→ About this task
Under this line sits a listing. Repeat exactly and only its lines from the one holding "陈丽华是早年福布斯中国富豪榜" through the one holding "cal. month |"; skip pictures.

- Opening Delimiter -

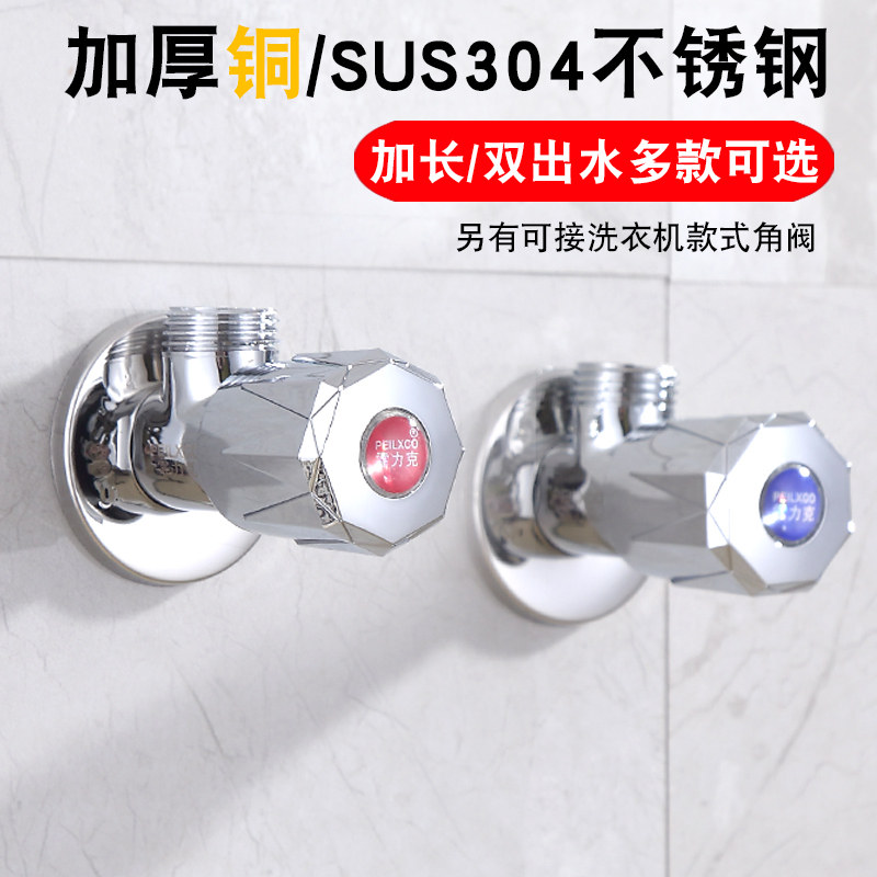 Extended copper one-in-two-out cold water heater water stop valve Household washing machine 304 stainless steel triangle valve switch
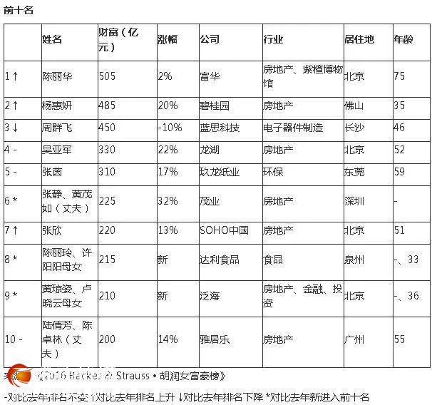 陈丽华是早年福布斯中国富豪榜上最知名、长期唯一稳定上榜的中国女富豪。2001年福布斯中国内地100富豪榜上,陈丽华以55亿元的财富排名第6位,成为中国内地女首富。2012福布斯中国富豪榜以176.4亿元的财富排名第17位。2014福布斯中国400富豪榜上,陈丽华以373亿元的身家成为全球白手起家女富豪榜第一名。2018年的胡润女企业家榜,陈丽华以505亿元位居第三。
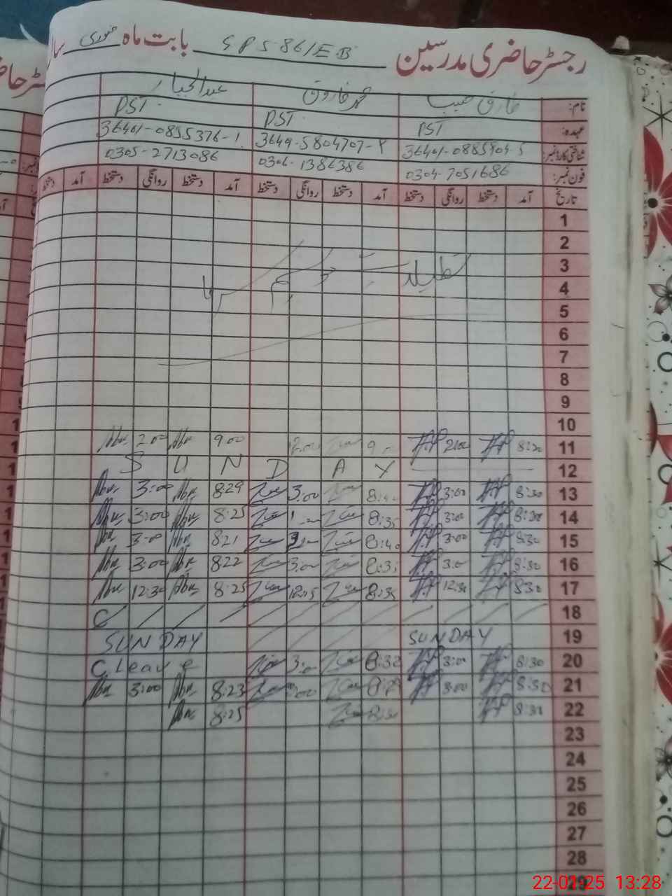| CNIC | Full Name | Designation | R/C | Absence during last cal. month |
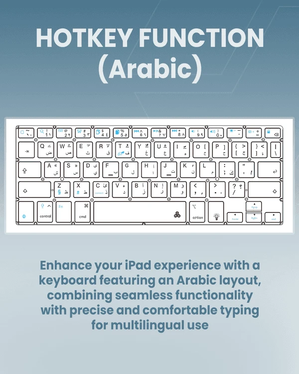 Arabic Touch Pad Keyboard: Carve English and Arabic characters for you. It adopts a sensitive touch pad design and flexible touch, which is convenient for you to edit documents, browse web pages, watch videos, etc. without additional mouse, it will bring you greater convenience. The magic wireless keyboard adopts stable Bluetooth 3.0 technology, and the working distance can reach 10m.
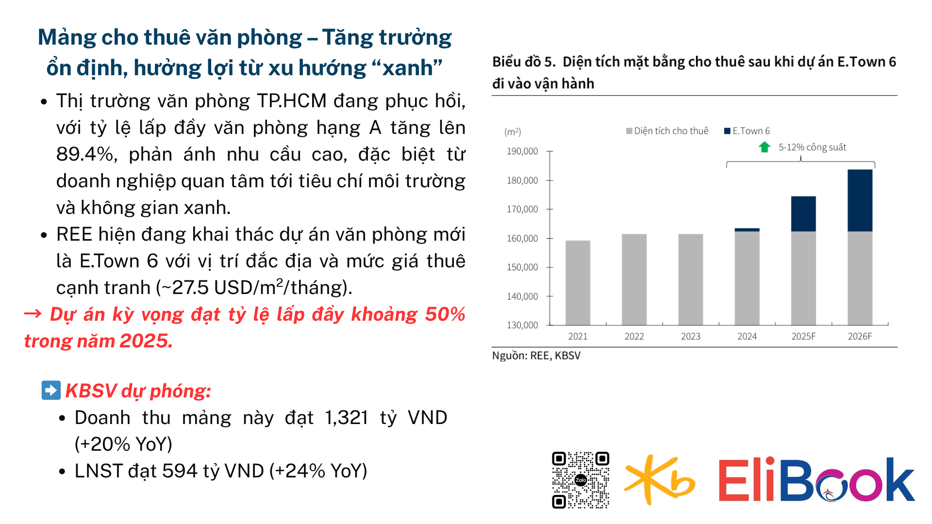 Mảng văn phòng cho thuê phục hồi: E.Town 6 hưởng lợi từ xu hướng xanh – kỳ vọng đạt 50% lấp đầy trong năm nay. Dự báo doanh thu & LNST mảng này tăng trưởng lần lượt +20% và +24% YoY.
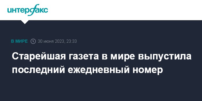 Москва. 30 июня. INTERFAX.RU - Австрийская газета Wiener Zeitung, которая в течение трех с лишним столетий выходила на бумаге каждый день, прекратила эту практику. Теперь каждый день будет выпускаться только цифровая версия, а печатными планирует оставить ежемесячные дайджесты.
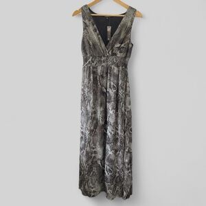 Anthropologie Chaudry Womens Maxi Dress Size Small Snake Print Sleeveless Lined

- Closing Delimiter -

→ Solution to this task
 陈丽华是早年福布斯中国富豪榜上最知名、长期唯一稳定上榜的中国女富豪。2001年福布斯中国内地100富豪榜上,陈丽华以55亿元的财富排名第6位,成为中国内地女首富。2012福布斯中国富豪榜以176.4亿元的财富排名第17位。2014福布斯中国400富豪榜上,陈丽华以373亿元的身家成为全球白手起家女富豪榜第一名。2018年的胡润女企业家榜,陈丽华以505亿元位居第三。
| CNIC | Full Name | Designation | R/C | Absence during last cal. month |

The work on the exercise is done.